EVERY YEAR, FROM OCTOBER 22 TO OCTOBER 26, THE DAY WE BURIED HER NEXT TO DADDY, I RELIVE THE WHOLE THING. I SANK INTO DEPRESSION AT ONE POINT THAT I DIDN'T THINK I WOULD EVER GET OUT OF. I BECAME INVOLVED WITH MOTHERS AGAINST DRUNK DRIVING. I VOLUNTEERED, I SPOKE AT VICTIM IMPACT PANELS IN FRONT OF DRUNK DRIVERS, I WENT INTO SCHOOLS TO SPEAK TO AT RISK KIDS, ANYTHING SO MORE ATTENTION WOULD BE PAID TO THIS PROBLEM. I MET PEOPLE WHO HAD LOST THEIR CHILDREN AND I ADMIRED THEIR COURAGE AND STRENGTH, GAINING A LITTLE MYSELF. I MET SURVIVORS OF CRASHES WHO WERE INJURED SO BADLY IT WAS A MIRACLE THEY SURVIVED AT ALL, AND BECAUSE THEY DID THEIR LIVES WERE CHANGED FOREVER. I ADMIRED THEIR STRENGTH AND COURAGE AS WELL. AND WITH THE HELP OF FAMILY MEMBERS MY ANGER, FURY AND HATE SLOWLY WENT AWAY. THE HOLE IN MY HEART IS STILL THERE. I MISS TALKING TO HER, HEARING HER VOICE. MY AUNT TOLD ME WE WOULD ALWAYS HAVE A HOME TO COME TO AT HER HOUSE, AND WE CAME TO VISIT AS OFTEN AS POSSIBLE IN THE FOLLOWING YEARS.
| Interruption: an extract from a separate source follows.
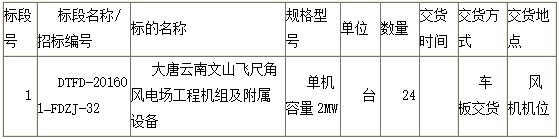 大唐云南文山飞尺角风电场工程风力发电机组及附属设备招标公告

IN THE DAYS THAT FOLLOWED THE CRASH, I LEARNED QUITE A BIT ABOUT THE DRUNK DRIVER. WHAT I LEARNED MADE ME SICK TO MY STOMACH. HOW COULD ANYONE GET AWAY WITH DRIVING DRUNK NINE TIMES BEFORE? HOW COULD HE NOT HAVE LEARNED HIS LESSON LONG BEFORE KILLING MY MOTHER? HOW COULD HE NOW, AFTER WHAT HE HAD DONE THIS TIME, LOOK AT HIMSELF IN THE MIRROR, AND LIVE WITH HIMSELF? THANKS TO OUR WONDERFUL LEGAL SYSTEM HE GOT OFF ON A TECHNICALITY, WITH TIME SERVED OF ONLY A FEW MONTHS IN JAIL. SO MUCH FOR A STRONG COURT CASE. MY AUNT TOLD ME THAT AT THE HEARING TO DECIDE IF THERE WAS ENOUGH EVIDENCE TO TAKE HIM TO TRIAL, HE LOOKED CLEAN CUT, DRESSED IN A SUIT, COURT APPOINTED LAWYER, AND DIDN'T SAY A WORD. DIDN'T LOOK HER WAY, NO APOLOGY, NO LOOK OF REMORSE, NOTHING. KEPT HIS HEAD DOWN. HE WAS A MAN WHO HAD NO JOB, NO MONEY, NO DRIVER'S LICENSE. SEVERAL YEARS LATER, BECAUSE THERE WAS NO TRIAL, THERE IS NO RECORD OF THE OFFENSE ON HIS RECORD, AS IF IT NEVER HAPPENED, AS IF MY MOTHER AND AUNT NEVER EXISTED. SO HE GOT OFF AGAIN. IT IS MY SINCERE HOPE THAT HIS EYES WERE OPENED, THAT HE SAW THE ENORMITY OF WHAT HE HAD DONE, AND CHANGED HIS WAYS.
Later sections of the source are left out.